Zevay advertises testosterone treatment, specifically referencing testosterone cypionate, and separately mentions injection, cream, and oral modalities without clearly establishing that all three share the same active ingredient, approval status, or compounding status. It also advertises Enclomiphene (a once-daily tablet) and a Gonadorelin add-on described as supporting natural hormone signaling and helping maintain fertility when clinically appropriate. Which option, if any, a provider recommends depends on your specific lab results and health history, not a preference you select during the intake quiz alone, and the add-on is priced and billed separately from the two primary options. None of the three is presented on Zevay's page as interchangeable with the others - each has a different mechanism, a different price, and a different regulatory status, covered in more detail elsewhere in this article.

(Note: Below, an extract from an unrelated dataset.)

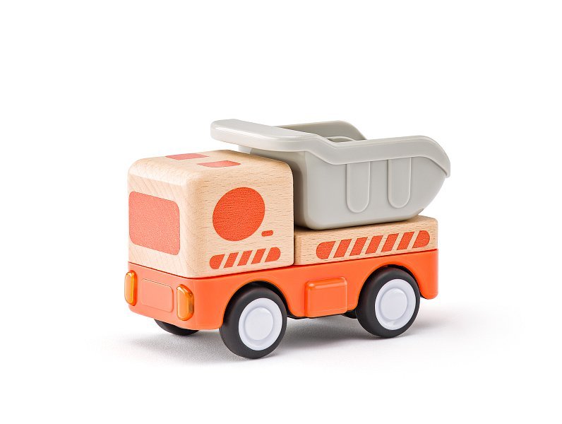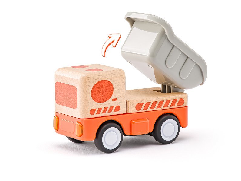 Avtomobil z vztrajnikom Narejen iz masivnega lesa Oblikovan tako, da se natančno prilega majhni otroški roki Opremljen s svetlobo in zvokom Plastično vedro na strehi tovornjaka je na tečajih Priložene so 3× baterije LR44 1,5 V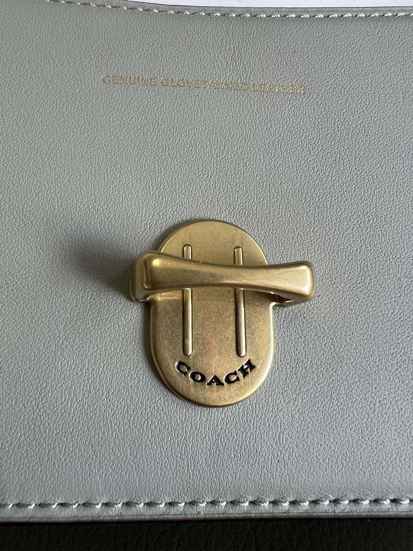 The Coach Studio 19 Shoulder Bag in white smooth leather embodies timeless sophistication with a refined silhouette. Its structured form, polished gold “C” turn-lock closure, and matching topstitch details create a perfect balance between modern elegance and classic charm. Designed for both day and evening wear, this piece elevates any look with its understated luxury.

How much does Zevay TRT cost?
Per the brand's own page, Testosterone Cypionate is advertised from $119 to $129 a month depending on which section of the page you read, billed $387 quarterly. Enclomiphene is advertised from $139 a month, billed $417 quarterly. The Gonadorelin add-on is $35 a month, and initial lab work is a separate $49 charge not bundled into the subscription price. Confirm your specific total at checkout given the pricing discrepancy documented earlier in this article, since neither the $119 nor the $129 figure is confirmed as the one your card will actually be charged.
Is Zevay's testosterone medication FDA-approved?
Testosterone cypionate is an established FDA-approved generic medication when dispensed in its standard form, though whether Zevay's specific prescription is a standard or compounded preparation isn't stated in the materials reviewed. No FDA-approved enclomiphene drug product was identified for this review. These are different regulatory categories worth understanding before you enroll in either option, and it's a fair question to put directly to Zevay's support team or the reviewing provider before you commit to a subscription.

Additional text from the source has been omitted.